The Irish have been celebrating this holiday for over 1,000 years. Celebrations include public parades, festivals, music, dancing and the wearing of green in honor of the Irish heritage. Parades and festivals are very common in Ireland for the holiday, but oddly enough the first parade to celebrate St. Patrick’s Day was in the United States. The first parade celebration was held in New York City where Irish soldiers walked the streets to reconnect with their Irish roots.
Saint Patrick’s Day became a holy day of obligation and a feast day for the Roman Catholics in Ireland in the 17th century. Being the patron of Ireland, Saint Patrick’s feast day was put on the calendar for the Catholic Church. It was seen as a day to honor Saint Patrick’s life and the arrival of Christianity in Ireland. However, there is very little known about St. Patrick and his background. What we do know is that Saint Patrick was born in Roman Britain and was kidnapped and brought to Ireland as a slave in the fifth century. He escaped Ireland but returned later to bring back Christianity to the people of Ireland. He was seen as a hero and was made into the patron of Ireland.

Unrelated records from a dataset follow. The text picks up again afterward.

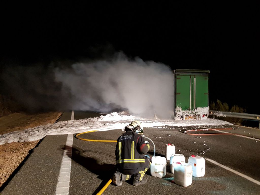 Los Bomberos de Albacete han tenido que actuar este martes en el incendio de un camión de ferralla, en la A-30, en dirección a Murcia, a su paso por Albacete. Según han informado los Bomberos, con esta imagen del suceso, el incendio pudo ser causado por los frenos del camión.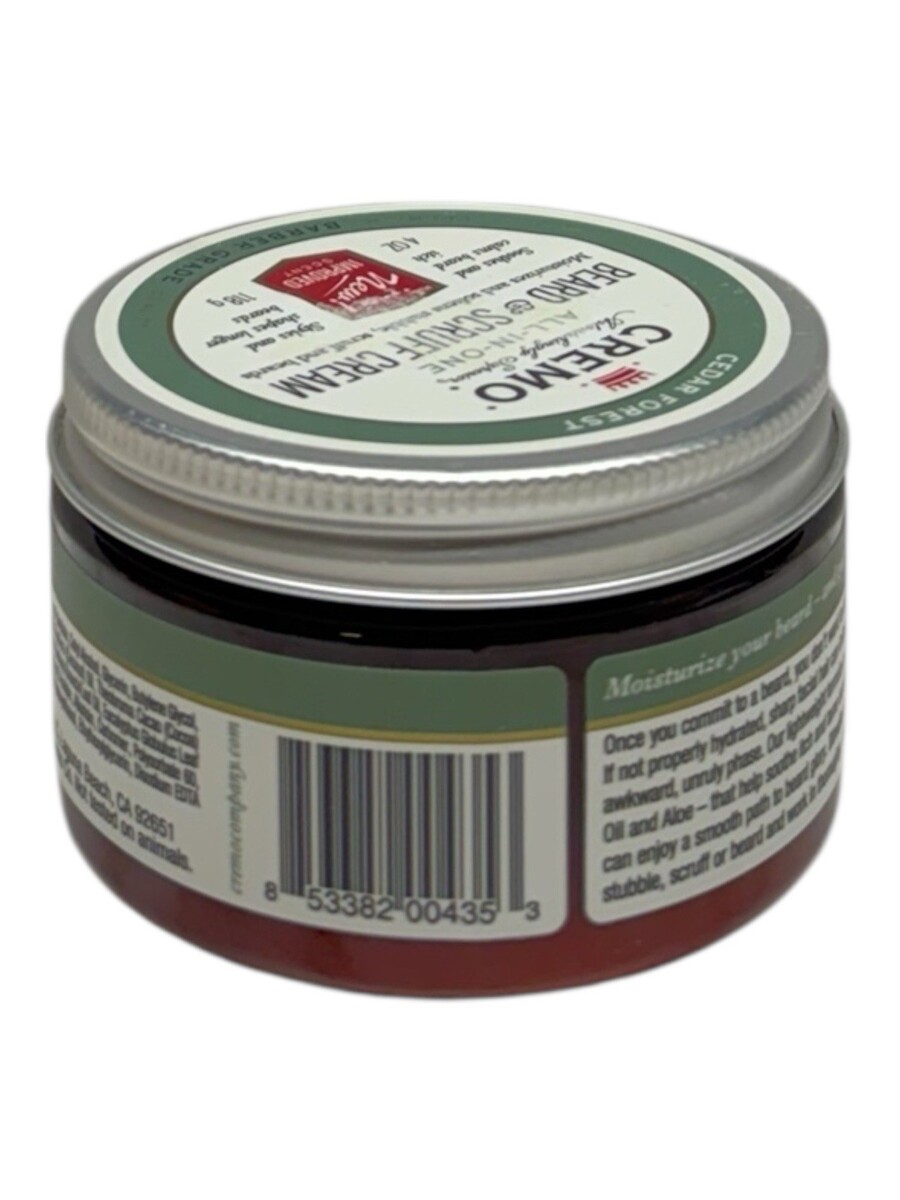 Cremo All In One Beard Scruff Cream CEDAR FOREST Soothes Beard Itch 4oz.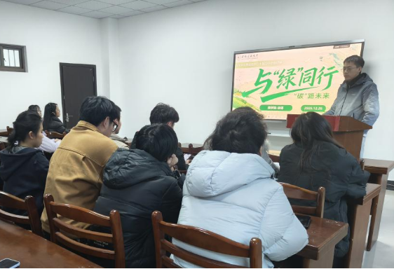 首先,徐韬开展党的二十届四中全会精神宣讲。他以“双碳”战略为切口,从政策解读、大国担当、先锋故事、校园实践四个维度,系统阐释了国家绿色发展的顶层设计、中国在全球气候治理中的积极作为、绿色先锋人物的感人事迹以及青年学子践行低碳生活的具体路径。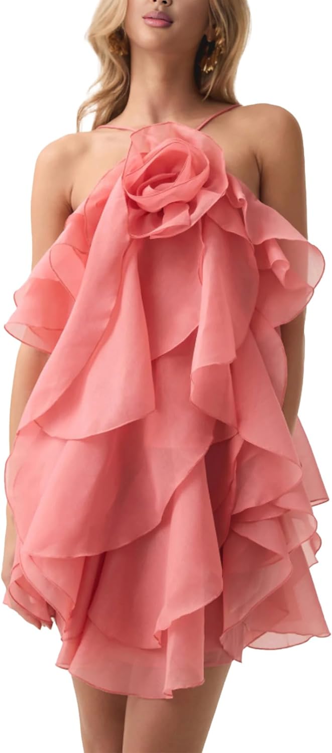 Women's Floral Dress Sexy Halter Ruffle Sleeveless Tiered Dress Elegant Party Dresses Clubwear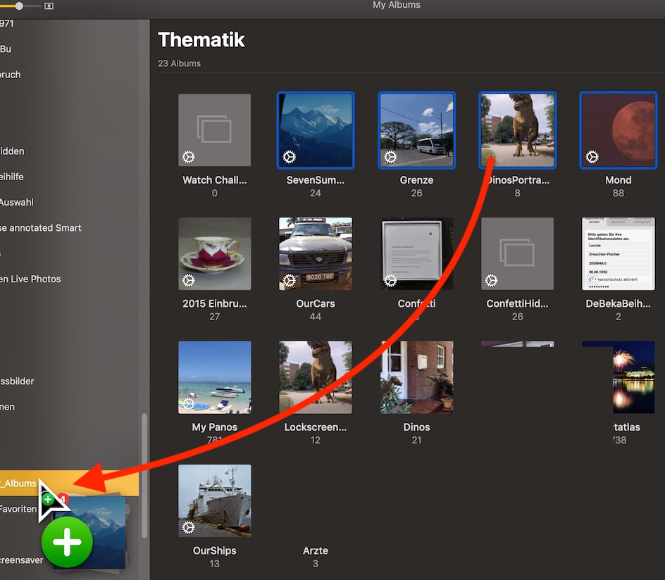 Dieses Foto zeigt, wie mit dem cursor ein Bereich um mehrere Alben ausgewählt wurde. Dies Alben können dann zusammen in einen Ordner in der Seitenleiste gezogen werden.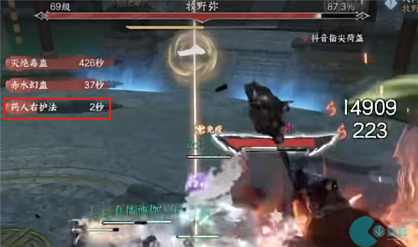 5、第五个技能是药人护法。Boss会召唤药人护法,伤害一般,但会清空T的仇恨值,仇恨一乱就很容易出现减员。这个时候推荐是主T携带百家技能-“打虎一式”,协助本身的仇恨技能重新建立仇恨,其他人适当放慢输出节奏,等待仇恨重新建立。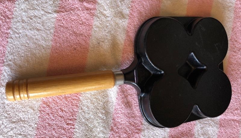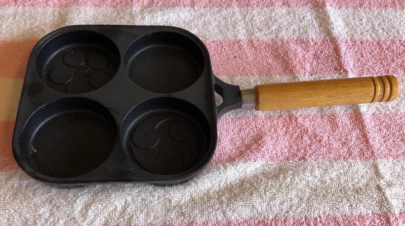 Cast Iron pan. Has 4 circle openings. For eggs or biscuits. Have different designs in the bottom. Good condition.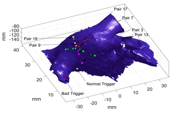 Figure 5, where the yellow dots show the locations of abnormal electrical source and normal source. The estimated source locations from sixteen different catheter locations are marked by green dots for the normal source and by red dots for the focal trigger. As seen in

Falling in the middle of lent, people used to only attend and celebrate the holiday in church. They were not able to eat or drink what they wanted due to the religious restrictictions. However, in the 20th century the church started to waive the Lenten prohibitions so people were allowed to dance, eat meat, and drink on this special occasion. Ireland repealed the law and reopened the pubs granting the people to celebrate the holiday without any restrictions.
On St. Patrick’s Day it is customary to see large crowds of people wearing shamrocks and green attire. But what does this all stand for? According to legends, St. Patrick used a shamrock as the three-leaved plant to explain the Holy Trinity (Father, Son, Holy Spirit). Many people associate the holiday with the color green however, it was not until the Irish Rebellion in 1798 that the color was officially associated with the holiday. Before the rebellion St. Patrick’s Day was associated with the color blue, being the color in the royal court and on the ancient Irish flags. As the rebellion began the Irish decided to wear green after seeing the British wear their red attire.
Today St. Patrick’s Day is celebrated all around the world, especially in the United States. If you celebrate make sure to remember the history of Saint Patrick and to honor the Irish heritage. Happy St. Patrick’s Day!